There are a great many Slaves in the U. States; the exact number I cannot ascertain; (say one million, be the same more or less,) the condition of whom has given the patriots, philanthropists, and religionists great searchings of heart. The abolitionists of late have come forward and seem to demand the unconditional manumission of all of them, without prescribing any rational mode for their future subsistence. If these prophets can prove their commission, like Moses, or have any reason to believe that God will feed the liberated slaves with manna, it is hoped that the slave-holders will obey and not harden their hearts; otherwise, their exertions seem calculated to alienate the slave-holding States from the others, and make the condition of the slaves more miserable. But notwithstanding the measures of the abolitionists are reprobated by every friend to his country, yet the question “What shall we do with the slaves?” must at some time, in some shape be met and decided. The Emancipators have effected nothing. The Liberia exportation affords nothing very flattering; what then shall be done? It cannot be expected that a question, encumbered with so many conflicting interests and opinions, can be easily answered: the most rational solution may be fraught with serious consequences. To proclaim a Jubilee and set them all free, without house or home, tools or money, or friends to take them in, would be sacrificing them to starvation. In such a state, they would wander in droves into all the States, seeking supplies for the calls of nature. Would the abolitionists be pleased to have thousands of them scouring the States in which they live, and groups of them at their own doors or around their dwellings begging or stealing?
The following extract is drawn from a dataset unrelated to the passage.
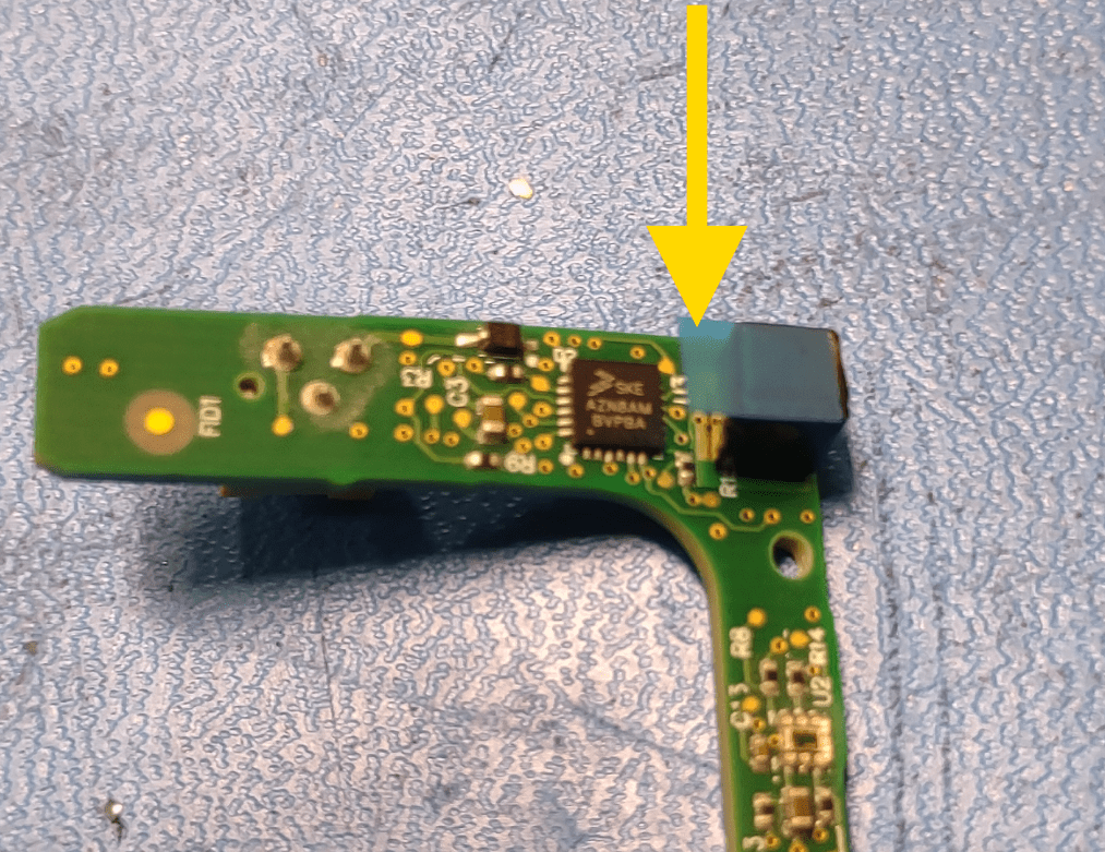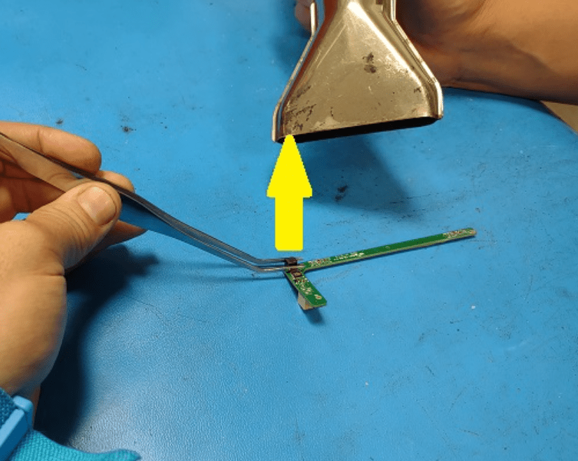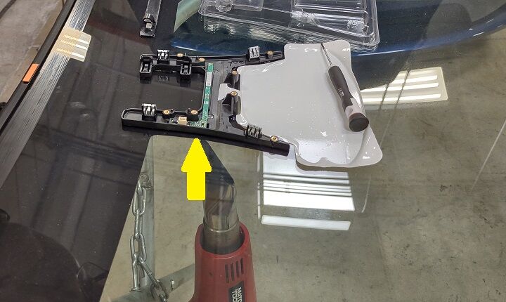 如图所示,使用热风枪在挡风玻璃外侧对粘合剂加热,然后在加热时轻轻地将板撬离支架,将传感器从支架上拆下。

Let Congress locate a section of territory for the accommodation of as many as choose to go with the consent of their masters—let their expenses be borne and their equipage of clothing, provisions, implements of husbandry and mech[anical tools,] with all that is necessary for 3 years, including teachers to learn them to read and write, [be furnished] by the treasury of the United States. So far, Congress can proceed towards the liberation of the slaves. This would give relief to those slave-holders who, in heart, are opposed to slavery and would gladly set their slaves free if they could be provided for.
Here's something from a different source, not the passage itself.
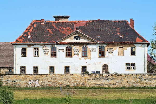 Zur Rittergutsanlage gehörten neben dem Schloss auch ein Gutsverwalterhaus, Wirtschaftsgebäude und Scheunen. Ein Schlussstein am rundbogigen Hoftor, bezeichnet mit "C.G.v.T / 1746", weist Carl Gottlieb von Thielau als Erbauer aus. Ein weiterer Schlussstein am Stallgebäude, bezeichnet mit "Anno 1747", gibt dessen Baujahr preis.

If the legislatures of the slave-holding States, in behalf of their constituents should pass laws for the gradual manumission of all the slaves, that all of them who were in existence at the time of passing those laws should be held in servitude for life; except, with the consent of their masters, they should choose to go to the land provided for them; and that those who should be born after the passing of those laws should be free at the age of 21 years; the children of whom should be free-born; it would gradually lower the price of slaves as property; and gradually [encourage] them to seek their liberty. It would also give time to the masters to re-model their systems to live without the labor of slaves.